Unlike our earlier description of address spaces and guard regions, the allocator does not exclusively support a 4GB address space + 4GB guard region memory layout; instead, its layout is configurable. Both the address space size, guard region size, and their layout can change to support different bounds checking mechanisms (guard regions vs. bounds checks, or even a mix of the two), and memory organizations.

We mention this for two reasons. First, the details of memory layout are used to construct an explicit contract between the allocator and compiler. If this contract is not maintained, it will break isolation. Thus, when modifying the allocator to support ColorGuard, these details are important for correctness; we discuss this further in the next section on formally verifying our changes. Second, this added sophistication exists largely due to Wasmtime's requirements for scalability.

For example, the allocator, by default, does not employ the standard Wasm configuration of a 4GB address space followed by 4GB guard regions. Instead, it pads each Wasm instance with 2GB of *pre-guard region* and 2GB of *post-guard region* before and after the sandbox memory respectively. This modified scheme allows two Wasm instances in adjacent slots, A and B, to share 2GB of guard region — the post-guard region of the Wasm instance A can serve as the pre-guard region of Wasm instance B. Thus, instead of 8GB per-instance, only 6GB per instance is required, allowing roughly 20K instances per process, vs. the usual 16K. This alternate memory layout is supported by modifications to how Cranelift generates code to access linear memory (§3.1). To wit – for sandboxes with a maximum memory limit less than 2GB, Cranelift implements linear memory base addition using a *signed* (rather than the normal unsigned) offset; thus any offset beyond 2GB would trap in the pre-guard region, as it is interpreted as a negative index.

To further complicate things, Wasmtime also supports guard regions of arbitrarily small sizes; in this scenario the compiler (Cranelift) employs explicit bounds checks except when it can statically prove that these limited guard regions are sufficient for safety.

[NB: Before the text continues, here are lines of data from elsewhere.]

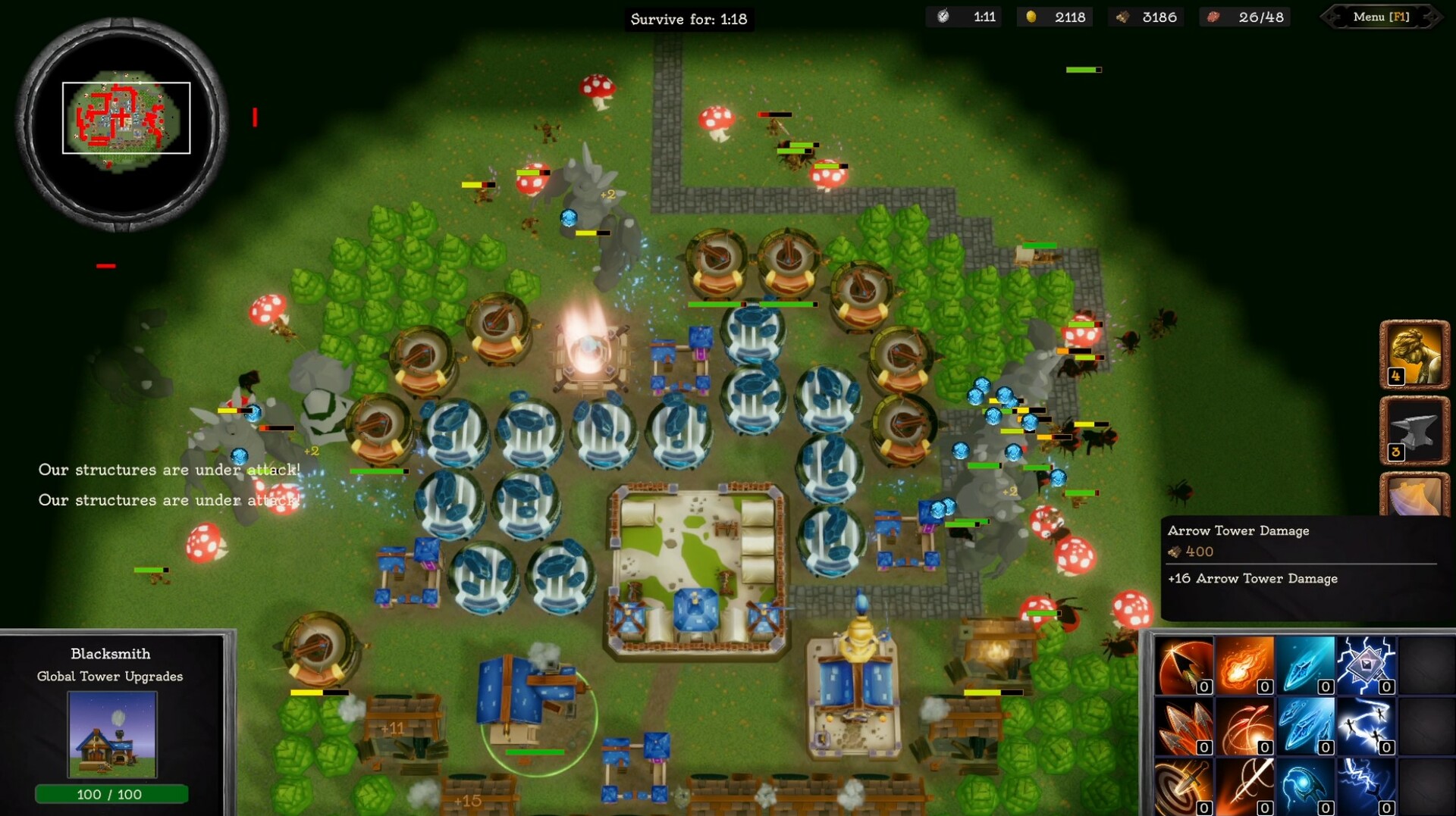 ? Individuelle Upgrades ? F?ge Angriffseffekte pro Turm hinzu und schalte globale Boni frei.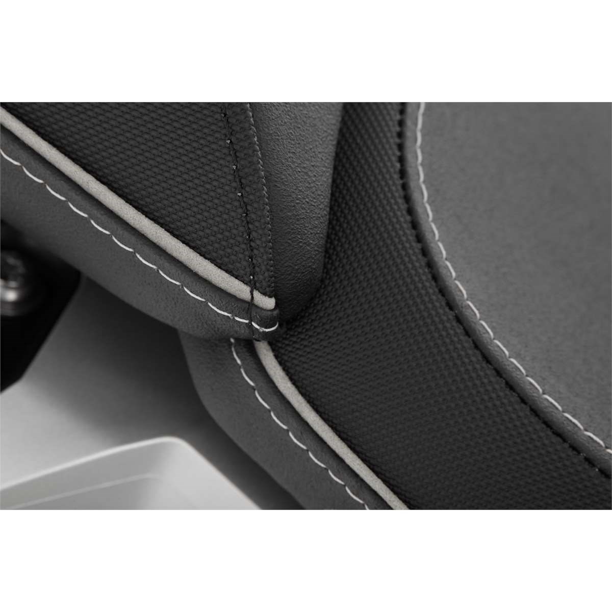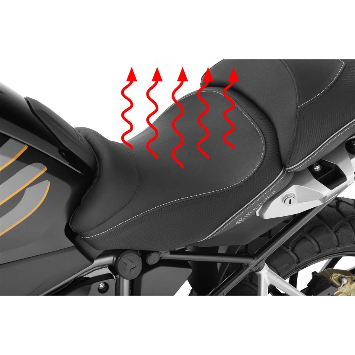Auch unsere in der Sitzhöhe reduzierten Sitze fertigen wir mit einer charakteristischen, ergonomischen 3-D-Kontur, die den Fahrer mit seinem BMW-Motorrad eins werden lässt. Form und Neigung des aufwändig verarbeiteten, progressiv aufgebauten, zweischichtigen Sitzbankkerns, in den ein Sitzheizungselement aus Carbon integriert ist, unterstützen die ergonomische vorteilhafte, natürliche Haltung des Beckens. So integriert, fährt es sich einfach entspannt und damit aktiv. Und, kein Zweifel, entspanntes Sitzen schafft ein Plus an passiver Sicherheit. Mit der ThermoPro Beschichtung liegt die Temperatur dieser Sitzbank im Hochsommer in praller Sonne um bis zu 25°C niedriger im Vergleich mit herkömmlichem, unbehandeltem Bezugsmaterial. Passend dazu haben wir eine Beifahrersitzbank im Programm.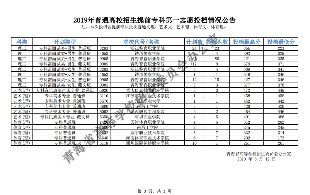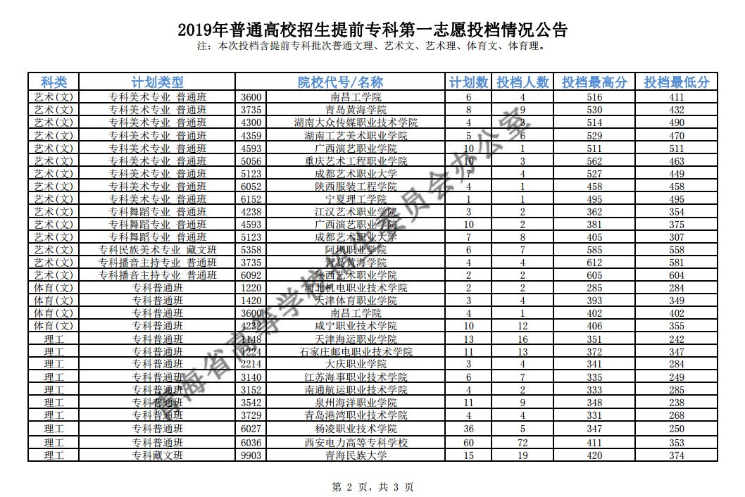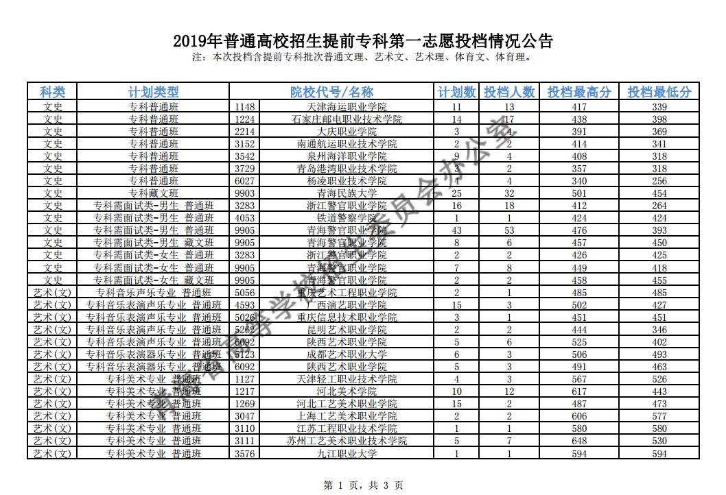 注:本次投档含提前专科批次普通文理、艺术文、艺术理、体育文、体育理。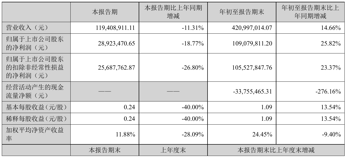 挖贝网10月25日,雷尔伟(301016)近日发布2021年前三季度报告,报告期内营业收入420,997,014.07元,同比增加14.66%;净利109,079,811.20元,同比净利增加25.82%。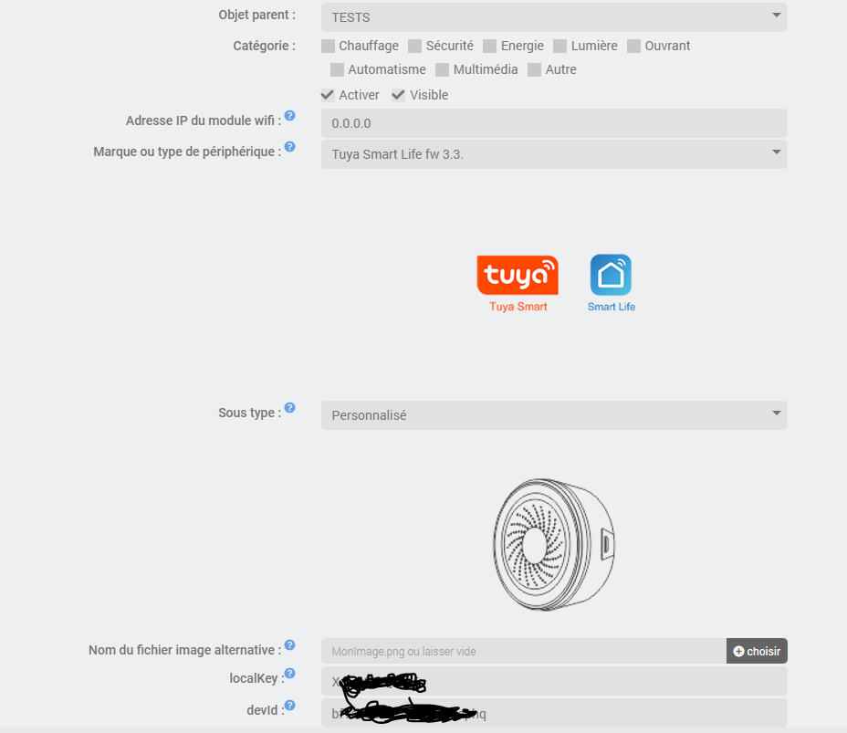 le plugin a reussi à inclure la siren. Mais quand je clique sur ON rien ne se passe car si je comprend bien il faut entrer l’adresse IP du module?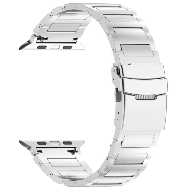 For Apple Watch 46mm / 49mm / 45mm / 44mm I-shaped Quick-release Safety Clasp Titanium Alloy Watch Band(Silver)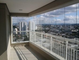 Die französische Verglasung eines Balkons oder einer Loggia wird manchmal auch als "Fenster-Tür"-System bezeichnet, da sie aus großformatigen Schaukel- oder Schiebekonstruktionen mit Rahmen aus Aluminium, Metall-Kunststoff besteht. Im städtischen Wohnungsbau wird diese Option hauptsächlich in Sichtwohnungen und Wohnungen verwendet, um das Eröffnungspanorama so beeindruckend wie möglich zu gestalten. Französische Verglasung impliziert die Ablehnung der Verwendung der Brüstung.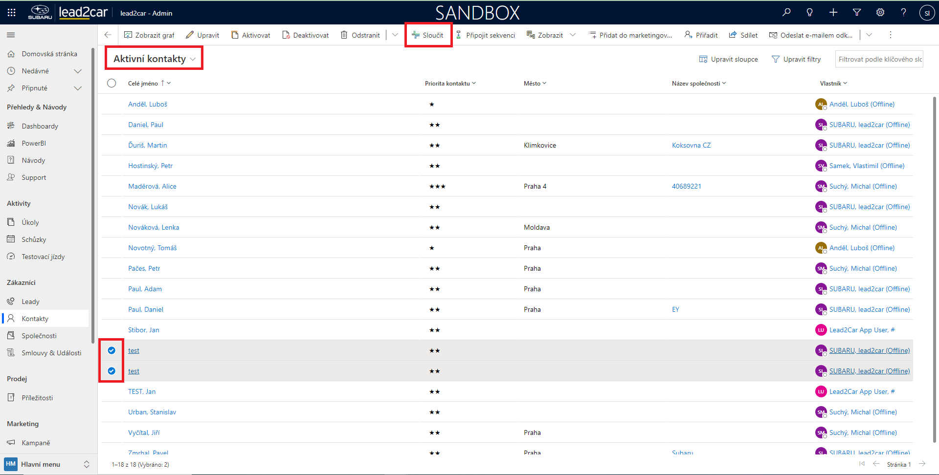 Následující postup je již nutné opakovat pro každý podezřelý kontakt. Zkopírovat jméno z první otevřené karty a vložit ho do vyhledávání v druhé kartě. Pokud se objeví pouze jeden kontakt, tak je vše v pořádku a není třeba nic řešit. Pokud se ale objeví 2 kontakty, tak je potřeba zjistit zda se jedná o totožné kontakty, a případně je sloučit. Jeden bude mít jako vlastníka nějakého člověka, a druhý bude mít jako vlastníka Lead2Car Application User. Oba tyto kontakty je nutné označit a z panelu v horní části zvolit tlačítko "sloučit"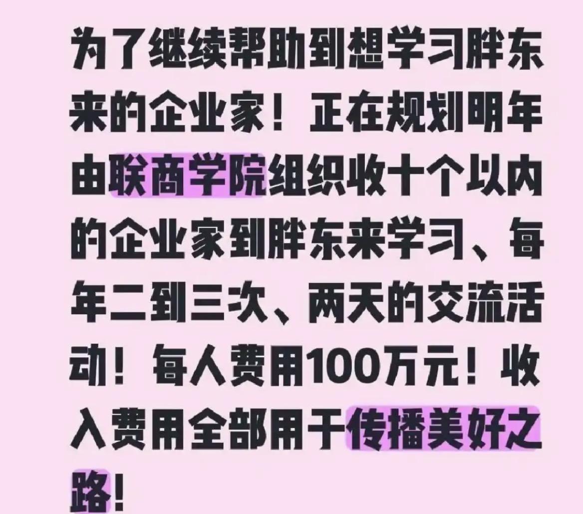 近日于东来官宣启动胖东来高端研学活动,可是在网上炸开了锅,不少网友纷纷觉得胖东来在走下坡路了,他们这么做就是在割韭菜。 为何网上传来如此多的质疑之声呢?因为胖东来这个高端研学活动可真不便宜,每一位来交流的企业家收费100万,不光是非常的贵,而且还有其他的条条框框的限制。参加的企业家人数要在10个以内,每年这样的活动只有2到三次,每次的时长是在2天。而很多人觉得胖东来是在割韭菜,其实是有三方面的原因,一个是因为这样的模式,跟市面上的一些所谓的大师割韭菜的模式是一样的。一个就是100万的收费的确是很高。还有一个就是大家没有看到效果。 可事实上胖东来这次研学为何要如此高的收费?其实本质上不过是在用这样的方式,来过滤掉一些人而已。我们之所以会觉得贵,其实是因为我们根本不是目标群体。人家面对的是一些企业家,而100万对于企业家来说并不算什么,而企业家更看重的是背后的价值。而且胖东来的研学活动,之所以敢于收费100万,也是因为人家是有这个底气的。对于胖东来的成就,我相信大家也是有目共睹的。单是今年上半年的合计销售额就高达117.07亿元。 而胖东来能取得如此成绩的背后,绝对不是偶然,而是因为人家有这个实力。而我们这些人,可能只看到了价格,看不到背后的价值。而且最关键的一点,哪怕不是一次研学活动,靠着胖东来牵头搭建的一个交流平台,一些企业家都能在这个平台上,找到自己的机遇,到时回报可是远超100元。并且我想说的是,胖东来这100万真的不算多,人家当年巴菲特一顿午餐,都能叫价到几百万,而且要知道这还是美元,换成人民币近千万了。外国人就能高价拍卖午餐就是物超所值,咱们自己人举办个高价研学就是割韭菜,这是不是有点双标了?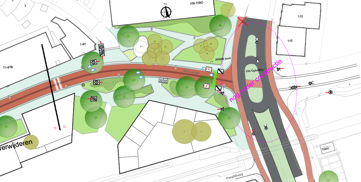 dat daarom onder andere het profiel van de wegen wordt versmald naar 5,5 meter breed en een roodkleurige verharding wordt aangebracht;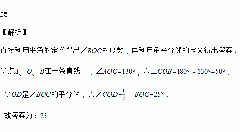 如图,点A、O、B在一条直线上,∠AOC=130°,OD是∠BOC的平分线,则∠COD=______°

The memory pool has to calculate its slot layout accounting for all of this. To facilitate this, it accepts as parameters: the number of slots, the maximum memory size, the size of the guard regions, and whether pre-guard regions should be included. Using this, it computes the memory layout, and returns a layout data structure describing how the pool slab will be divided up — it supplies this as a contract to the compiler (Cranelift), so it can generate code appropriately.

To support ColorGuard, we extended this layout computation to support striped memory. One part of this is determining how many colors we will need to stripe memory, i.e., to create a repeating cycle of unique colors. In the simple case, this is just the size of our guard regions (e.g. pre-guard + post-guard), divided by our slot size (this tells us how many linear memories can fit into the space used by our guard regions), plus one additional color for the slot those regions protect. For example, if we have 4GB of guard regions, and our slots are 2GB each, we need (4/2) + 1 = 3 colors.

However, the calculation must also handle the scenario where there are not enough keys available to create the stripes; here, we need to modify the calculations to use a combination of stripes and guard regions to maintain the contract with the JIT compiler. After this layout is calculated, in addition to providing it to the compiler, the allocator protects each stripe with pkey\_mprotect(); as well as the appropriate guard regions with mprotect(..., PROT\_NONE).

**Changing protection keys on context switch.** Finally, we instrumented Wasmtime to set the accessible MPK stripe on each transition into and out of a Wasm instance. Aside from the fact that Wasmtime specializes transitions for a variety of contexts – sync vs. async transitions, function calls vs. jumps, etc. – this is mostly straightforward. We enable only the key for the current stripe during the transition in; and we disable this restriction when the Wasm instance calls back into the host runtime, for example, to invoke a system call via WASI [103] (Wasm's interface for system operations).

**Other deployment considerations.** Deploying MPK in Wasmtime involved dealing with several practical concerns. First, GitHub's infrastructure does not currently guarantee

MPK support, which is a challenge for fuzzing and integration testing. While QEMU can be used to address this, it is yetanother-thing that needs to be understood and maintained by Wasmtime developers. Next, as each MPK-protected stripe creates a new virtual memory allocation (VMA) in the Linux kernel, the default kernel limit of 65K (vm.max\_map\_count) must be increased to fully utilize ColorGuard. Finally, MPK is rather esoteric for most Wasmtime users, thus, both documentation and detailed working examples were upstreamed to make this feature accessible.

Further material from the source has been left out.